Patricia Snyder - David Lawrence Jr. Endowed Chair in Early Childhood Studies
When Patricia Snyder was a child, kindergarten in public schools was not widely available, and preschool was a luxury beyond her Pittsburgh steel-working family’s modest means. But she was fortunate: She had nurturing parents who provided early experiences and opportunities that fostered a love for learning.
“I wasn’t born into a family with great financial wealth, but I was born into a family with a wealth of love and one that valued education and provided early learning experiences,” she recalls.
In her work, Snyder advances the science and develops the tools to give every child those types of early experiences, whether it’s at school — through quality early-childhood education — or at home, through parent skill-building and family support.
“As a civil and moral society, we have a responsibility to ensure that those services and supports are available for all children and families who need them,” she says.
Her goal is to ensure that early childhood services and supports are both available and informed by the latest research. She has found a staunch ally in David Lawrence Jr., the early-education visionary leader and advocate for whom her endowed chair is named. Meeting Lawrence and understanding his vision for the chair was a big part of her decision to accept the position at Florida, Snyder says. Their partnership helps move science into practices and policies to benefit children in Florida and nationwide, and their friendship provides solace when the challenges seem daunting.
“It’s really important to know that he’s an email or a phone call away,” she says. “It’s made me a better scientist and a better professor by having the opportunity to really see further about the collective impacts of the work that we’re doing.”
When a passionate advocate and a leading professor unite to advance a cause, it’s a powerful combination.
David Lawrence Jr.
Visiting a community center in an underprivileged part of Florida, David Lawrence Jr. held up the children’s book he was reading and showed a drawing of a rabbit to his audience of preschoolers. Not one child knew what it was.
“Two of them said ‘cow,’” Lawrence recalls. “What a tragedy.”
Knowing a rabbit from a cow might not seem critical at age 3, but it highlights the learning disparities that can take root long before a child starts school.

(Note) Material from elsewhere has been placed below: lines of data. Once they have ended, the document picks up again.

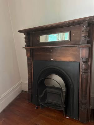 EDWARDIAN TALL OAK FIRE SURROUND MIRROR MANTLEPIECE WITH CAST IRON FIREPLACE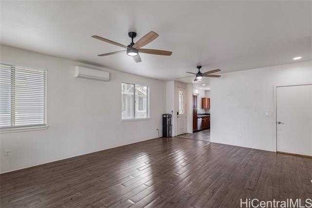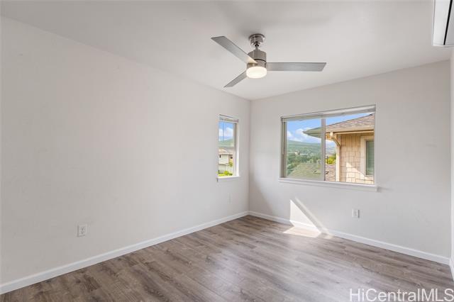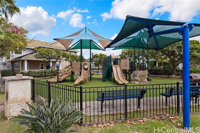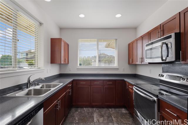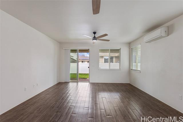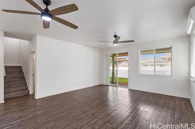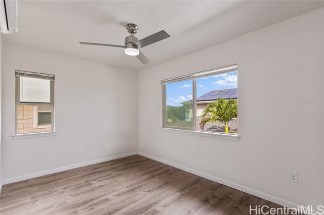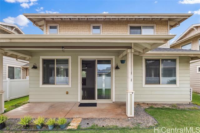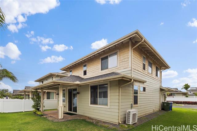 Rarely available in the highly sought after Mehana Olino community in Kapolei! This beautifully maintained 4 bedroom, 3 full bathroom home offers comfort, convenience, and modern island living. Featuring a full bedroom and full bathroom on the first floor, it’s perfect for multi generational living, guests, for inlaws, or added flexibility Enjoy your own private backyard and cozy lanai, ideal for relaxing or entertaining. Inside, you’ll find upgraded luxury vinyl plank flooring throughout, a well appointed kitchen with Corian countertops, and split A/C units in every room for year-round comfort. Mehana Olino offers resort style amenities including a community pool, fitness center, dog park, playgrounds, basketball court, BBQ areas, and scenic walking/jogging paths with a unique keiki racetrack. Surrounded with businesses around the area, and multiple lots of visitor parking right in front of the home and a long driveway as a bonus for extra parking. Conveniently located just minutes to schools, Ka Makana Ali‘i Mall, Starbucks, Target, theatre, shopping center, Costco, dining, and entertainment. This home is in the heart of one of Oahu’s fastest growing communities.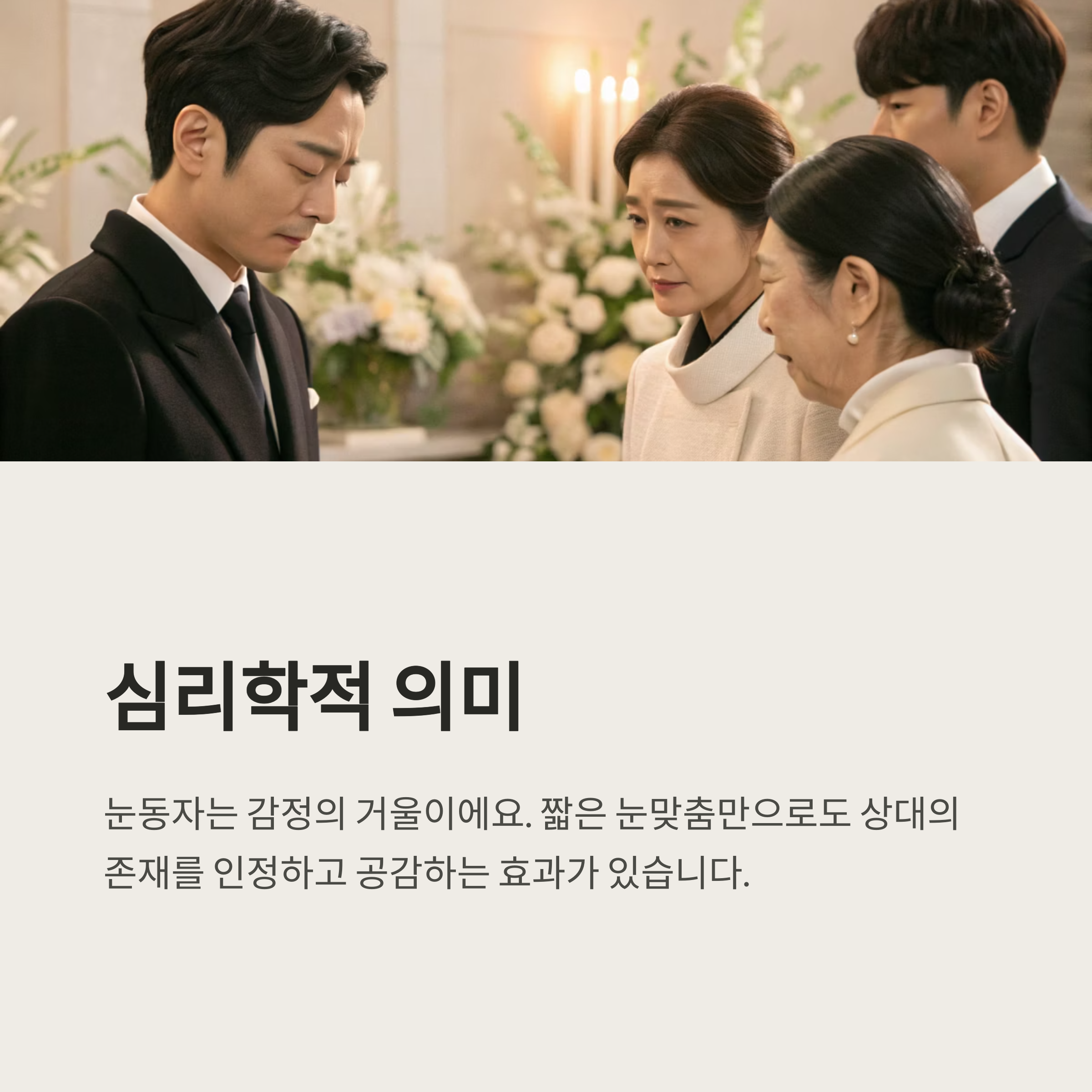 조문은 공감의 자리예요. 심리적으로 보면 눈을 맞춘다는 건 그 공감의 시작점을 만들어주는 행위예요. 조문객이 먼저 시선을 건네고, 유족이 받아줄 수 있는 상태일 때 조용히 눈을 마주치는 건 마음을 나누는 방식 중 하나로 매우 의미가 있답니다.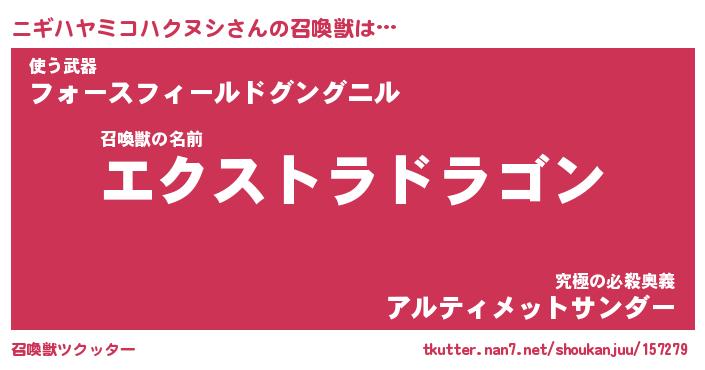 | 料理風あだ名 | 『ほっこり♪ニギハヤミコハクヌシの味噌そぼろ煮』 |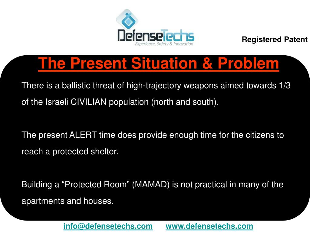 Registered Patent The Present Situation & Problem There is a ballistic threat of high-trajectory weapons aimed towards 1/3 of the Israeli CIVILIAN population (north and south). The present ALERT time does provide enough time for the citizens to reach a protected shelter. Building a “Protected Room” (MAMAD) is not practical in many of the apartments and houses. info@defensetechs.comwww.defensetechs.com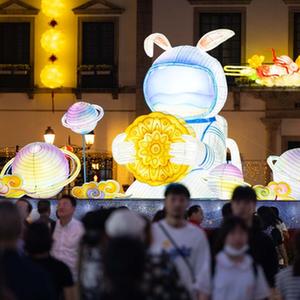 中秋及國慶佳節將至,澳門(mén)以“中秋喜相逢 國慶共歡騰”為主題的花燈日前已點(diǎn)亮,佳節氣氛濃厚。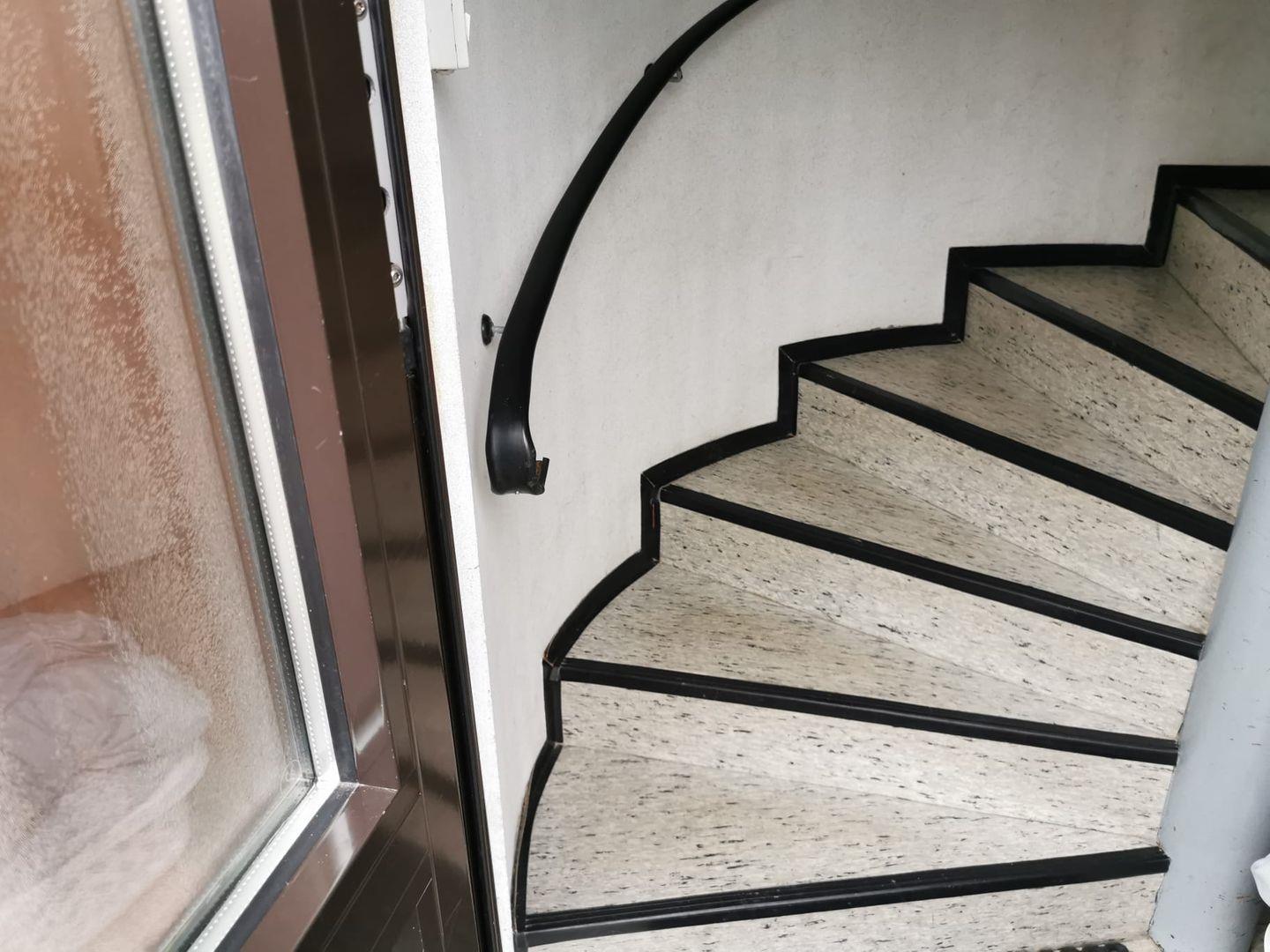 Über eine elegante Spindeltreppe gelangen Sie in den ersten Stock, wo sich Ihr neues Zuhause auf Zeit befindet.
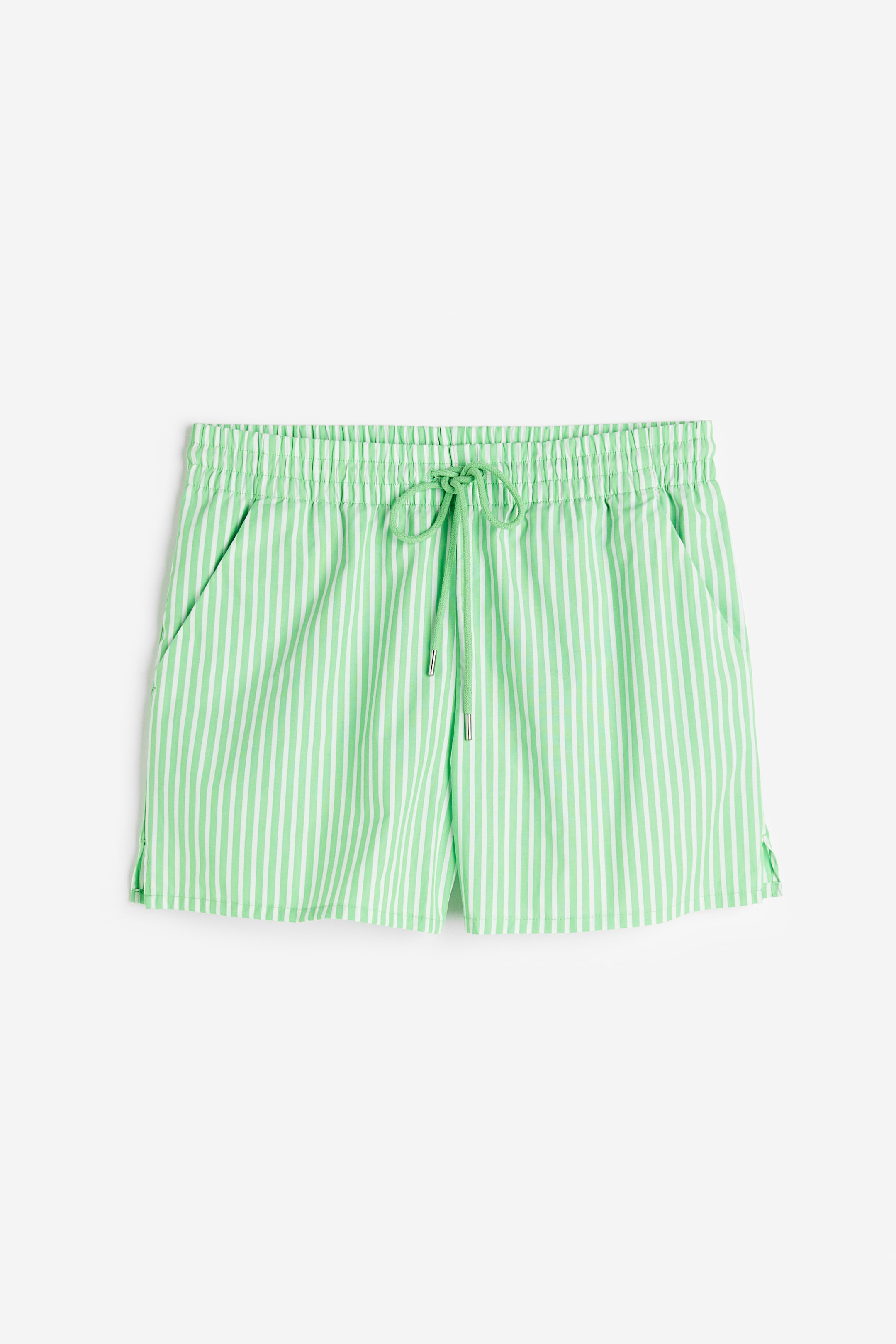 Shorts ampi in tessuto con elastico rivestito e coulisse in vita. Tasche laterali oblique, piccolo spacco in basso.

When Lawrence, the former publisher of The Miami Herald, decided to devote his energies to public service full time, early childhood education emerged as an area of pressing need — and vast potential to change lives.
“I simply came to believe that the whole future of the United States depended on getting folks more educated,” he says. “I came to understand fully that if you could ever get the early years right, you’d probably have children and then adults with momentum all their lives.”
When a child succeeds in school, the benefits extend far beyond that family. From safer communities to a better workforce, early childhood education can touch each of our lives, Lawrence says.
“The very future of Florida — and America — depends on children being ready to succeed in school and in life.”